Which lines in the entries below contain the string "wire"? Show each of them in full.

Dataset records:
* * * * * * * * *

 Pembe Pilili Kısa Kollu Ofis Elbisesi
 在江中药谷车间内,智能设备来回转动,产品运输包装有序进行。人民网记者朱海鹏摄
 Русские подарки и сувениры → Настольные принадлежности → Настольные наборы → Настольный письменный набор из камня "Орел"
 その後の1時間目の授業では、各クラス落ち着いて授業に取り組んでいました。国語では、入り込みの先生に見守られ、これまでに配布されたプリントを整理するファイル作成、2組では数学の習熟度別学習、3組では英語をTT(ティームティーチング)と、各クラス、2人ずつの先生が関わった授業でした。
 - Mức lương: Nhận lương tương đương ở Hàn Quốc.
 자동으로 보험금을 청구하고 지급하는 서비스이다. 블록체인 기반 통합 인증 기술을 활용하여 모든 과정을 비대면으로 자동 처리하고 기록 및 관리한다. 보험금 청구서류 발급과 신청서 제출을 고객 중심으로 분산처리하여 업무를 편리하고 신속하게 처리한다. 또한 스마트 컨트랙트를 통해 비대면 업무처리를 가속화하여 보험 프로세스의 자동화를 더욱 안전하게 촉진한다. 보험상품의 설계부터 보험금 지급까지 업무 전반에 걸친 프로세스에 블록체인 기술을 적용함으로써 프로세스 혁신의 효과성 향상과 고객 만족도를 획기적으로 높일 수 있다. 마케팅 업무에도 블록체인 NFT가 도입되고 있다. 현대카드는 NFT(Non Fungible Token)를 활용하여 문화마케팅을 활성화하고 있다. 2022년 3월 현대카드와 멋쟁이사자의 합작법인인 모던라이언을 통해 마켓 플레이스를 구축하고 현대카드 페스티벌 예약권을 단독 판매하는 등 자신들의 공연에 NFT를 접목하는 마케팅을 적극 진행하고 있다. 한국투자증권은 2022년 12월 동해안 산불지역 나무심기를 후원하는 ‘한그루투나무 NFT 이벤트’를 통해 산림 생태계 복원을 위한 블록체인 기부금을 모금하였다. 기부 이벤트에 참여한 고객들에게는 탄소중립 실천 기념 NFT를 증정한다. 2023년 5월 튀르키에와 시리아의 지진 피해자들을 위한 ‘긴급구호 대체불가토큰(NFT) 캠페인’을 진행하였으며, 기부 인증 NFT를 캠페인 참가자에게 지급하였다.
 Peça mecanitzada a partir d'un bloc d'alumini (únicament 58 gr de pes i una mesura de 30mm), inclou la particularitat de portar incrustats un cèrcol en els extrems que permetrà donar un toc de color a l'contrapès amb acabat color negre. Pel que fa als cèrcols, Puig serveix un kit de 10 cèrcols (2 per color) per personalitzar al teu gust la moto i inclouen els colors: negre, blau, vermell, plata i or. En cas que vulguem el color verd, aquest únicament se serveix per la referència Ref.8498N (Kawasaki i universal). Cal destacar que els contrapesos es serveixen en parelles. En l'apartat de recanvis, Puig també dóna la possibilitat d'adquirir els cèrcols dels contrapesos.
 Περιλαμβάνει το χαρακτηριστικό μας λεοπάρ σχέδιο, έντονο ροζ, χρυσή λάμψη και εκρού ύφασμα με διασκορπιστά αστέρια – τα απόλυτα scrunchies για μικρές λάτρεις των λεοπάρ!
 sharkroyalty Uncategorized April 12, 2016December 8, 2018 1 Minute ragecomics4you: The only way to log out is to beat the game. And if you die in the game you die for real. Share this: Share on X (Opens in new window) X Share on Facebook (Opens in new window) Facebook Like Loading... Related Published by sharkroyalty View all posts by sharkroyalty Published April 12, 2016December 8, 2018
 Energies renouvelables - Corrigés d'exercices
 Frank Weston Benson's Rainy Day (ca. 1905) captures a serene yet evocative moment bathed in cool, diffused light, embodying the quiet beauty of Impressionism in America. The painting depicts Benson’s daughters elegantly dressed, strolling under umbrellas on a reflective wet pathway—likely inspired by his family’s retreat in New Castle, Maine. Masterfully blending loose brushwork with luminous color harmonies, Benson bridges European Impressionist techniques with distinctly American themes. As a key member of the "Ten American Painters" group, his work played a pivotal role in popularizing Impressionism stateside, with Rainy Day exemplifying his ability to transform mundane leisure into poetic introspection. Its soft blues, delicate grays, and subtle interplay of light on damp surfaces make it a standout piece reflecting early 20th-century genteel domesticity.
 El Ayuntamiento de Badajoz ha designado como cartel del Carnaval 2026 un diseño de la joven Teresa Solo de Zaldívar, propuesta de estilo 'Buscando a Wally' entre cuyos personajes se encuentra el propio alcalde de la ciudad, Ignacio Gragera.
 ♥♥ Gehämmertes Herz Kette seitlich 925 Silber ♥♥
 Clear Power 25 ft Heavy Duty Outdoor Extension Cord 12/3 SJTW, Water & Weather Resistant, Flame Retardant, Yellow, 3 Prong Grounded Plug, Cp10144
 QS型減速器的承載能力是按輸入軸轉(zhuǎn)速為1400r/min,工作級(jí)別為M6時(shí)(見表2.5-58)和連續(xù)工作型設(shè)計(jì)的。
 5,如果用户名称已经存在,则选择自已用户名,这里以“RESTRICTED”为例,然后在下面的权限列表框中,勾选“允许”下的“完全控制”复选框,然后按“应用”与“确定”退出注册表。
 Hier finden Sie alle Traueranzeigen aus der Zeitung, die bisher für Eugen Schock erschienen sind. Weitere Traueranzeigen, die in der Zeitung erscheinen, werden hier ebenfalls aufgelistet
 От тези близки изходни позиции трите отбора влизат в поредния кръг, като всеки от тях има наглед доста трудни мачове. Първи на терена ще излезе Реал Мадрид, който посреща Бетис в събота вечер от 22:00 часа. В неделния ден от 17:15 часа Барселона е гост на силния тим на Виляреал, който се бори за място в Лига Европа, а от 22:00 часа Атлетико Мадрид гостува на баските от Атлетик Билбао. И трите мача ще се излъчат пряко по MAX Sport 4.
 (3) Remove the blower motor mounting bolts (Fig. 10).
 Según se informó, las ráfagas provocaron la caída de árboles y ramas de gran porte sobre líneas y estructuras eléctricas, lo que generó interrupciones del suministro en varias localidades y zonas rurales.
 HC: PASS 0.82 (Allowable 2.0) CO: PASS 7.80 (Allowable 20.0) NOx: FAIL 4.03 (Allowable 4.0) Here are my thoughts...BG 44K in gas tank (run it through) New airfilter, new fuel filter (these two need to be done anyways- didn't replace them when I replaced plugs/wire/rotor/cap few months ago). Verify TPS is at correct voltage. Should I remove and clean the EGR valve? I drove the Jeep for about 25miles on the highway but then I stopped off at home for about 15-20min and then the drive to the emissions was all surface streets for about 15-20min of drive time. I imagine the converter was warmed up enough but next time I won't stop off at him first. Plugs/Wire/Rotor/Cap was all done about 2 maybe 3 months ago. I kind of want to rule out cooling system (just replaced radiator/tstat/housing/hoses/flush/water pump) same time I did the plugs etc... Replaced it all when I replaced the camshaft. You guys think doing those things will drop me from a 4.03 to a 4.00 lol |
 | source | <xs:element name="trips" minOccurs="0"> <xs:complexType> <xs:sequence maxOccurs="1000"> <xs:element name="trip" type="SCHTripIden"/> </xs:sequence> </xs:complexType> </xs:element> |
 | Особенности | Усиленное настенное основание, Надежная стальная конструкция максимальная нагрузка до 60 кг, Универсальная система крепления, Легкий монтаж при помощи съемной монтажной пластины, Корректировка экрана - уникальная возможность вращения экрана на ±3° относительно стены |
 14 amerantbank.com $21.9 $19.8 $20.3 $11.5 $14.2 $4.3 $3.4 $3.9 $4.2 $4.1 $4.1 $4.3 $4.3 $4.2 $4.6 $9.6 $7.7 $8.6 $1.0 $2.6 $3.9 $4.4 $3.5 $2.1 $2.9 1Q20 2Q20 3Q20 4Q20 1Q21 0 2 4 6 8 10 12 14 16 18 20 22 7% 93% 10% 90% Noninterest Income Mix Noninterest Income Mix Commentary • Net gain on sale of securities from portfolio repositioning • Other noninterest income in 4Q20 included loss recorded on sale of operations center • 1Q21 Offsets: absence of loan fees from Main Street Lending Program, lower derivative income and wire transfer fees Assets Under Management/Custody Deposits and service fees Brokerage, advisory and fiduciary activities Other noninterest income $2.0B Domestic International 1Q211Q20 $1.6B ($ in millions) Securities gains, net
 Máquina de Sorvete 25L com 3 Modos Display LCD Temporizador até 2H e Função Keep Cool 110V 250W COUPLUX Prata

* * * * * * * * *

→ Task output:
 HC: PASS 0.82 (Allowable 2.0) CO: PASS 7.80 (Allowable 20.0) NOx: FAIL 4.03 (Allowable 4.0) Here are my thoughts...BG 44K in gas tank (run it through) New airfilter, new fuel filter (these two need to be done anyways- didn't replace them when I replaced plugs/wire/rotor/cap few months ago). Verify TPS is at correct voltage. Should I remove and clean the EGR valve? I drove the Jeep for about 25miles on the highway but then I stopped off at home for about 15-20min and then the drive to the emissions was all surface streets for about 15-20min of drive time. I imagine the converter was warmed up enough but next time I won't stop off at him first. Plugs/Wire/Rotor/Cap was all done about 2 maybe 3 months ago. I kind of want to rule out cooling system (just replaced radiator/tstat/housing/hoses/flush/water pump) same time I did the plugs etc... Replaced it all when I replaced the camshaft. You guys think doing those things will drop me from a 4.03 to a 4.00 lol |
 14 amerantbank.com $21.9 $19.8 $20.3 $11.5 $14.2 $4.3 $3.4 $3.9 $4.2 $4.1 $4.1 $4.3 $4.3 $4.2 $4.6 $9.6 $7.7 $8.6 $1.0 $2.6 $3.9 $4.4 $3.5 $2.1 $2.9 1Q20 2Q20 3Q20 4Q20 1Q21 0 2 4 6 8 10 12 14 16 18 20 22 7% 93% 10% 90% Noninterest Income Mix Noninterest Income Mix Commentary • Net gain on sale of securities from portfolio repositioning • Other noninterest income in 4Q20 included loss recorded on sale of operations center • 1Q21 Offsets: absence of loan fees from Main Street Lending Program, lower derivative income and wire transfer fees Assets Under Management/Custody Deposits and service fees Brokerage, advisory and fiduciary activities Other noninterest income $2.0B Domestic International 1Q211Q20 $1.6B ($ in millions) Securities gains, net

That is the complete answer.